You can hang on to the previous row and print the previous row after you get the second row.
import pandas as pd
d = {'col1': ['A', 'B', 'C', 'D'], 'col2': [1, 2, 3, 4]}
df = pd.DataFrame(data=d)
prev = None
for row in df.itertuples():
print("Current index:",row)
print("current col2 value:", getattr(row, 'col2'))
if prev is not None:
print("Previous col2 value:", getattr(prev,'col2'))
prev = row
Or you can start printing the second row.
import pandas as pd
d = {'col1': ['A', 'B', 'C', 'D'], 'col2': [1, 2, 3, 4]}
df = pd.DataFrame(data=d)
rows = df.itertuples()
prev = next(rows) # Gets first row
for row in rows: # Will start at second row
print("Current index:",row)
print("current col2 value:", getattr(row, 'col2'))
print("Previous col2 value:", getattr(prev,'col2'))
prev = row
(Feb-04-2022, 03:57 PM)deanhystad Wrote: [ -> ]If you start at the first row there is no previous row.
You can hang on to the previous row and print the previous row after you get the second row.
import pandas as pd
d = {'col1': ['A', 'B', 'C', 'D'], 'col2': [1, 2, 3, 4]}
df = pd.DataFrame(data=d)
prev = None
for row in df.itertuples():
print("Current index:",row)
print("current col2 value:", getattr(row, 'col2'))
if prev is not None:
print("Previous col2 value:", getattr(prev,'col2'))
prev = row
Or you can start printing the second row.
import pandas as pd
d = {'col1': ['A', 'B', 'C', 'D'], 'col2': [1, 2, 3, 4]}
df = pd.DataFrame(data=d)
rows = df.itertuples()
prev = next(rows) # Gets first row
for row in rows: # Will start at second row
print("Current index:",row)
print("current col2 value:", getattr(row, 'col2'))

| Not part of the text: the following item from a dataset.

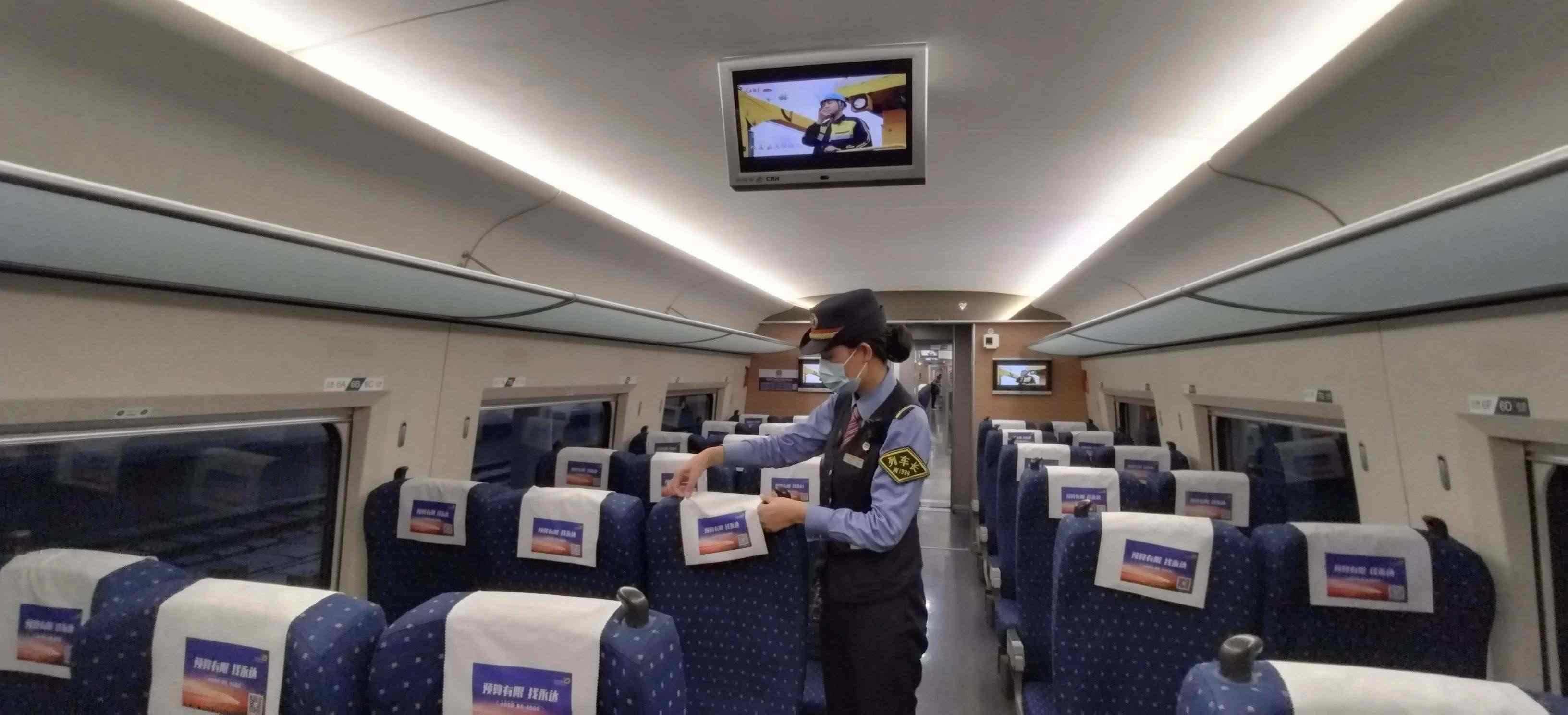 除了車身硬件的“美妝”,在列車上線始發(fā)前,列車乘務(wù)人員還要檢查各類客運服務(wù)備品、衛(wèi)生備品等是否準(zhǔn)備齊全。他們需要保證車座椅背后網(wǎng)兜清潔袋擺放整齊,小桌板統(tǒng)一收起,頭枕巾和椅套擺放平整、干凈、無污染。

print("Previous col2 value:", getattr(prev,'col2'))
prev = row
I need to iterate over rows and need to access previous & current rows content on each iteration. Not just first row.
both of my examples handle every iteration, not just the first. Run the examples and you will see. The examples differ in how they handle the first iteration.
You can't iterate over all the rows and have the previous row for each iteration. There is no "previous row" for the first iteration. In my first example I handle there not being a previous row by not printing the previous row. In the second example I skip the first row and iterate over the remaining rows. The first row becomes the first "previous row".
One way is to access rows by indices. Of course, there is still question about first row - whether it should be ignored or what?
import numpy as np
import pandas as pd
df = pd.DataFrame(np.arange(35).reshape(7, 5), columns=[*'abcde'])
for i in range(1, df.shape[0]):
print("Current row", *df.iloc[i])
print("Previous row", *df.iloc[i-1])
Output:
Current row 5 6 7 8 9
Previous row 0 1 2 3 4
Current row 10 11 12 13 14
Previous row 5 6 7 8 9
Current row 15 16 17 18 19
Previous row 10 11 12 13 14
Current row 20 21 22 23 24
Previous row 15 16 17 18 19
Current row 25 26 27 28 29
Previous row 20 21 22 23 24
Current row 30 31 32 33 34
Previous row 25 26 27 28 29
I am not motivated enough to find out whether its faster than itertuples and getattr. I also believe that print is not the objective as I can't see any value of printing out 20K rows.